## REQUIRED ACTION
Your copy of the data below must be exact and must leave out all pictures.

## RECORDED INFORMATION
──────
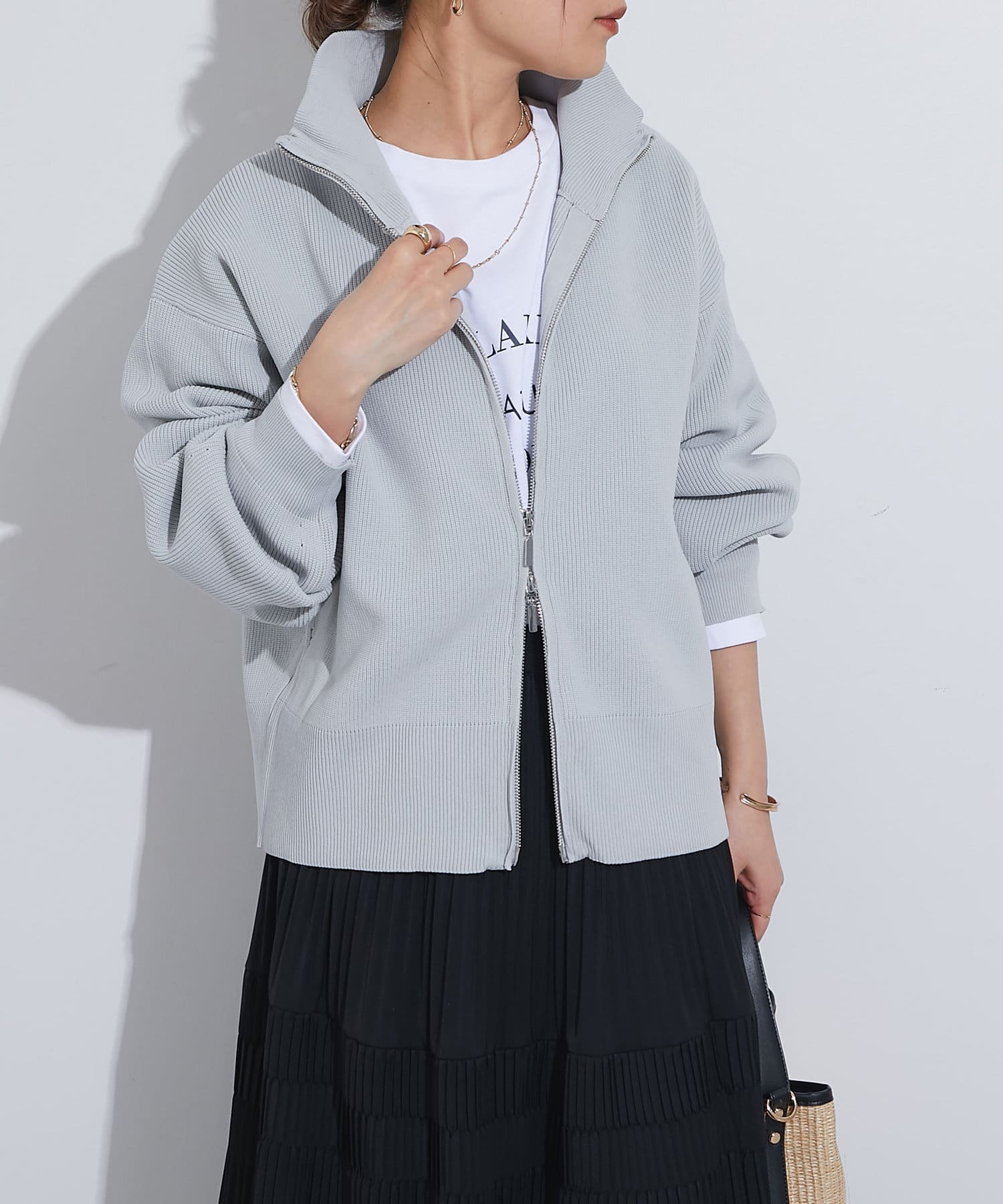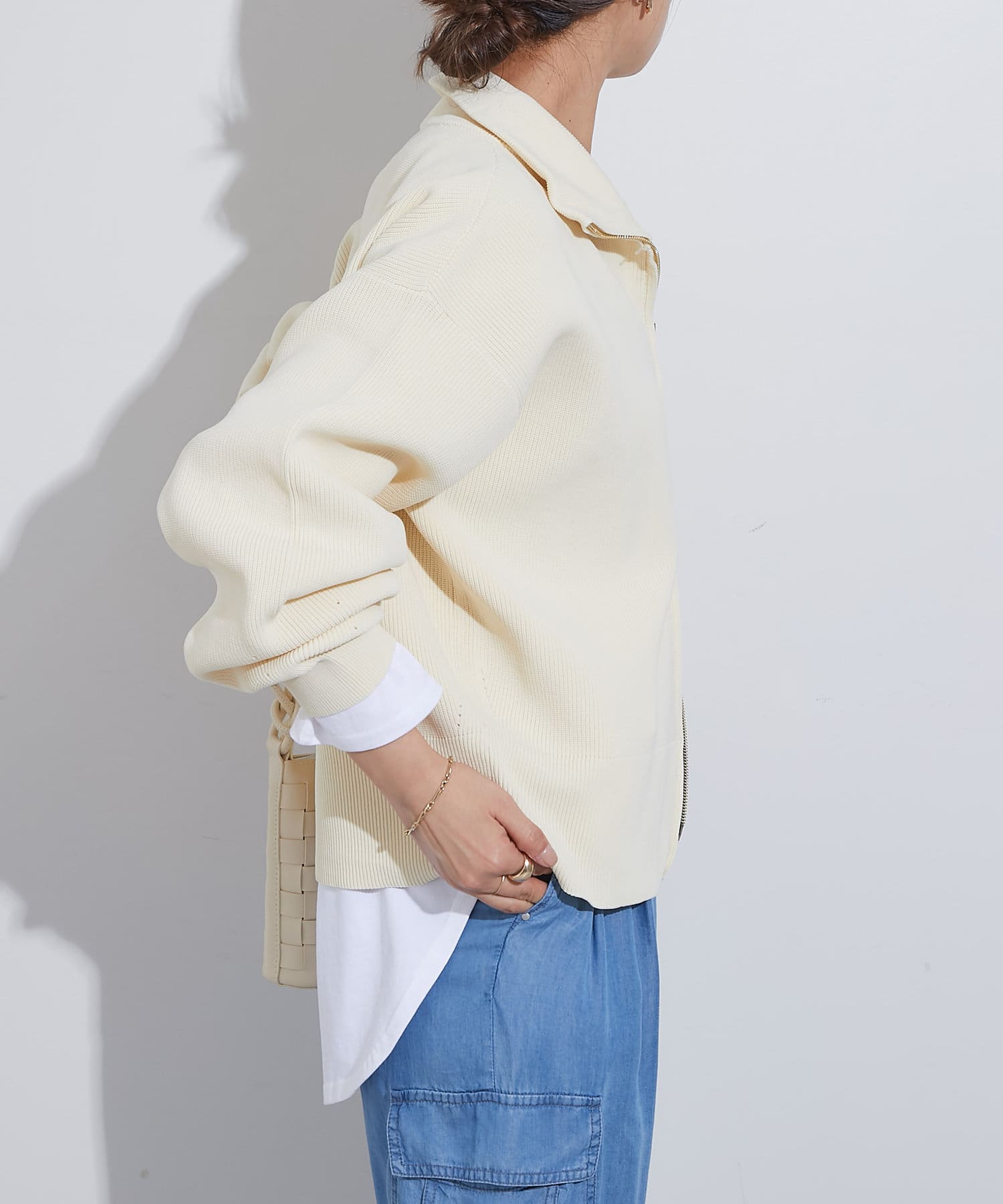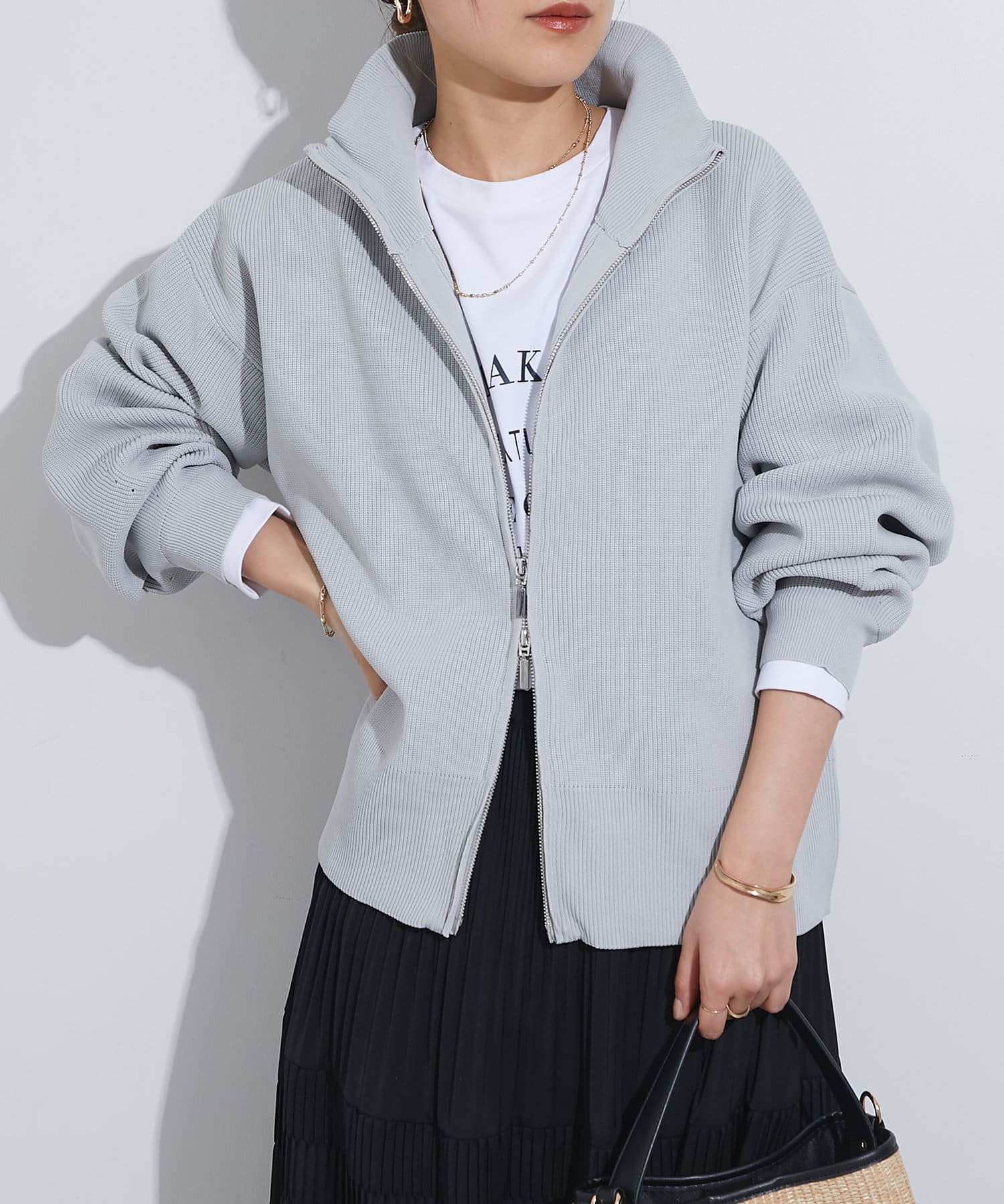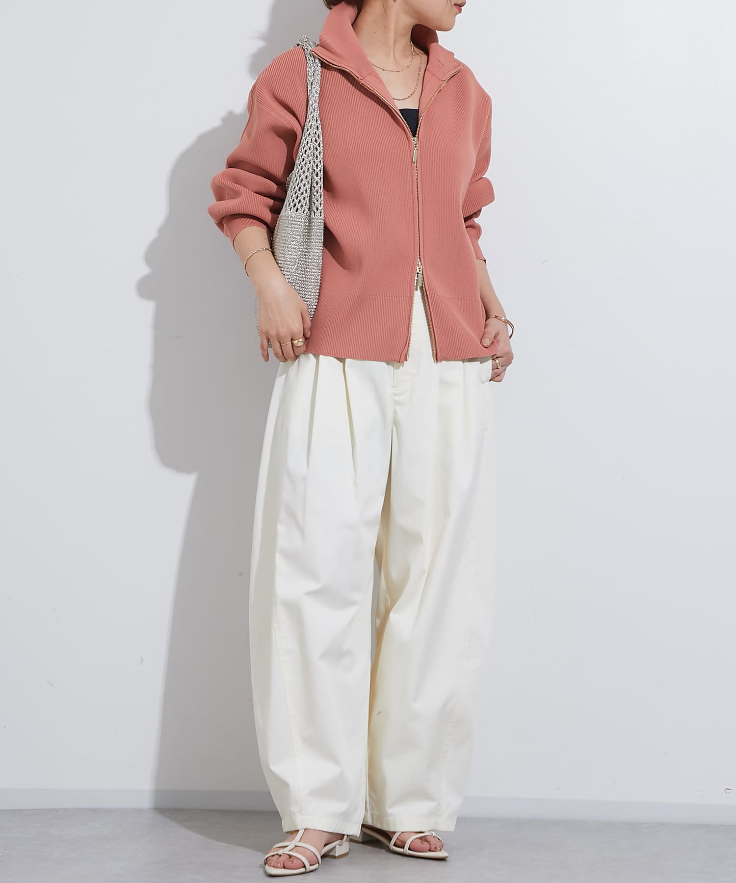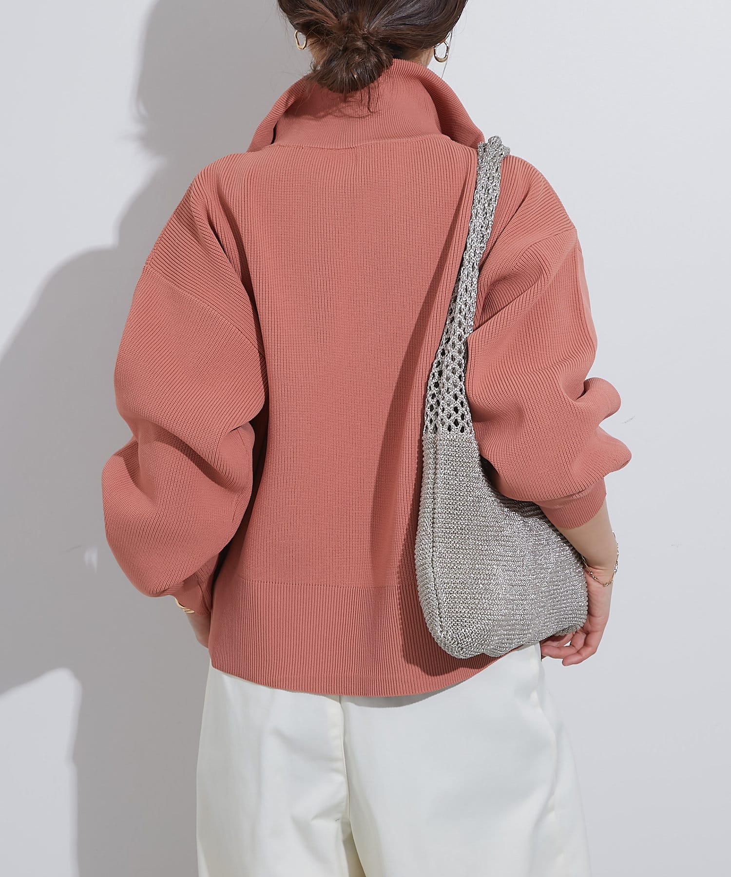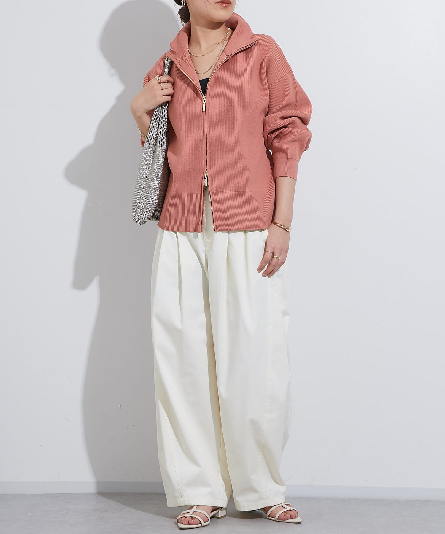 ・ハイネックとゴールドのジッパーがアクセントとなり、さりげない上品さをプラス。
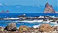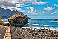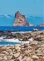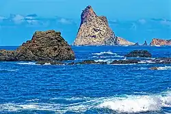 The Roques de Anaga are two monolithic rocks forming some of the most emblematic natural monuments of Tenerife (Canary Islands, Spain). Roque de Tierra stands 179 meters above sea level and is closer to the main island while Roque de Fuera, at 66 meters above sea level, is farther away. Both rocks are also included in the European Union's Natura 2000 ecological network of protected areas. They are located off the north-east coast of Tenerife.
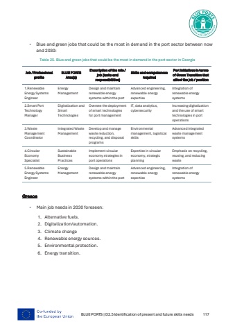BLUE PORTS | D2.5 Identification of present and future skills needs 117%uf0a7 Blue and green jobs that could be the most in demand in the port sector between now and 2030:Table 25. Blue and green jobs that could be the most in demand in the port sector in GeorgiaJob / Professional profile BLUE PORTS Area(s) Description of the role / job (tasks and responsibilities) Skills and competences required Port initiatives in terms of Green Transition that affect the job / position 1.RenewableEnergy SystemsEngineerEnergyManagementDesign and maintainrenewable energysystems within the portAdvanced engineering,renewable energyexpertiseIntegration ofrenewable energysystems2.Smart PortTechnologyManagerDigitalization andSmartTechnologiesOversee the deploymentof smart technologiesfor port managementIT, data analytics,cybersecurityIncreasing digitalizationand the use of smarttechnologies in portoperations3.WasteManagementCoordinatorIntegrated WasteManagementDevelop and managewaste reduction,recycling, and disposalprogramsEnvironmentalmanagement, logisticalskillsAdvanced integratedwaste managementsystems4.CircularEconomySpecialistSustainableBusinessPracticesImplement circulareconomy strategies inport operationsExpertise in circulareconomy, strategicplanningEmphasis on recycling,reusing, and reducingwaste5.RenewableEnergy SystemsEngineerEnergyManagementDesign and maintainrenewable energysystems within the portAdvanced engineering,renewable energyexpertiseIntegration ofrenewable energysystemsGreece %uf0a7 Main job needs in 2030 foreseen:1. Alternative fuels.2. Digitalization/automation.3. Climate change4. Renewable energy sources.5. Environmental protection.6. Energy transition.
──────
## WRITTEN ANSWER
 ・ハイネックとゴールドのジッパーがアクセントとなり、さりげない上品さをプラス。
 The Roques de Anaga are two monolithic rocks forming some of the most emblematic natural monuments of Tenerife (Canary Islands, Spain). Roque de Tierra stands 179 meters above sea level and is closer to the main island while Roque de Fuera, at 66 meters above sea level, is farther away. Both rocks are also included in the European Union's Natura 2000 ecological network of protected areas. They are located off the north-east coast of Tenerife.
BLUE PORTS | D2.5 Identification of present and future skills needs 117%uf0a7 Blue and green jobs that could be the most in demand in the port sector between now and 2030:Table 25. Blue and green jobs that could be the most in demand in the port sector in GeorgiaJob / Professional profile BLUE PORTS Area(s) Description of the role / job (tasks and responsibilities) Skills and competences required Port initiatives in terms of Green Transition that affect the job / position 1.RenewableEnergy SystemsEngineerEnergyManagementDesign and maintainrenewable energysystems within the portAdvanced engineering,renewable energyexpertiseIntegration ofrenewable energysystems2.Smart PortTechnologyManagerDigitalization andSmartTechnologiesOversee the deploymentof smart technologiesfor port managementIT, data analytics,cybersecurityIncreasing digitalizationand the use of smarttechnologies in portoperations3.WasteManagementCoordinatorIntegrated WasteManagementDevelop and managewaste reduction,recycling, and disposalprogramsEnvironmentalmanagement, logisticalskillsAdvanced integratedwaste managementsystems4.CircularEconomySpecialistSustainableBusinessPracticesImplement circulareconomy strategies inport operationsExpertise in circulareconomy, strategicplanningEmphasis on recycling,reusing, and reducingwaste5.RenewableEnergy SystemsEngineerEnergyManagementDesign and maintainrenewable energysystems within the portAdvanced engineering,renewable energyexpertiseIntegration ofrenewable energysystemsGreece %uf0a7 Main job needs in 2030 foreseen:1. Alternative fuels.2. Digitalization/automation.3. Climate change4. Renewable energy sources.5. Environmental protection.6. Energy transition.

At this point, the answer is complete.